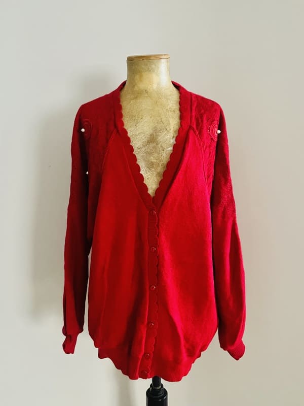 Cárdigan vintage de punto acrílico en color rojo de los años ochenta. Made in Italy. De forma recta, con mangas murciélago y con detalles calados y con perlitas en los hombros. En perfecto estado.
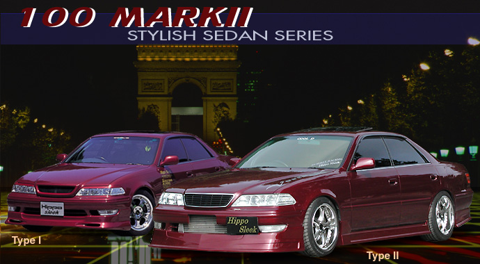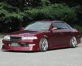マイルドな100MARKIIをアグレッシブスポーツセダンに変貌させるエアロキット。追加のフロントフェイスが存在感を主張する。
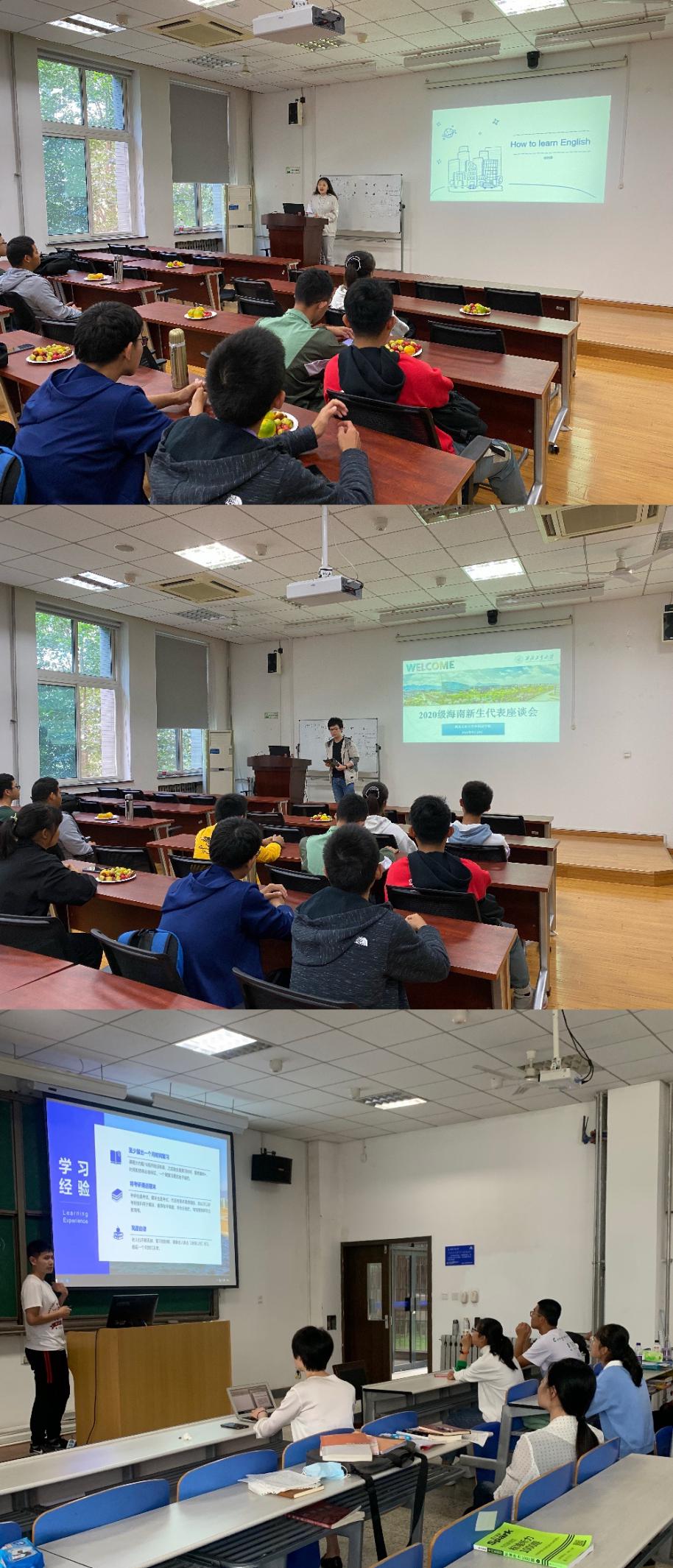 英语专业学生代表项祎霖、2018级软件学院海南籍学生符育玮和2018级航天学院海南籍学生乔诗展和与会同学进行了学习和生活上的交流与分享。项祎霖同学向与会新生分享了自己“如何学好英语”的丰富经验,她从单词、听力、阅读、作文等不同角度详细介绍了自己培养语感的方法,总结了英语的学习思路;符育玮同学和乔诗展同学作为新生们的“老乡”和学长,从学习、比赛、社交等方面介绍了大学生活。两位同学首先强调了学习的重要性,他指出作为大一新生,一定要注重学习方法;在好好学习的同时,他们鼓励各位新生积极参与机器人、数模、航模、大学英语等各类竞赛及社团,学习感兴趣的各类知识,认识志同道合的朋友,充实自己的大学生活。

» **About this task**
Begin at the line containing "マイルドな100MARKII" and stop at the final line of the data. Retype those lines exactly, without the pictures.

» **Written response**
マイルドな100MARKIIをアグレッシブスポーツセダンに変貌させるエアロキット。追加のフロントフェイスが存在感を主張する。
 英语专业学生代表项祎霖、2018级软件学院海南籍学生符育玮和2018级航天学院海南籍学生乔诗展和与会同学进行了学习和生活上的交流与分享。项祎霖同学向与会新生分享了自己“如何学好英语”的丰富经验,她从单词、听力、阅读、作文等不同角度详细介绍了自己培养语感的方法,总结了英语的学习思路;符育玮同学和乔诗展同学作为新生们的“老乡”和学长,从学习、比赛、社交等方面介绍了大学生活。两位同学首先强调了学习的重要性,他指出作为大一新生,一定要注重学习方法;在好好学习的同时,他们鼓励各位新生积极参与机器人、数模、航模、大学英语等各类竞赛及社团,学习感兴趣的各类知识,认识志同道合的朋友,充实自己的大学生活。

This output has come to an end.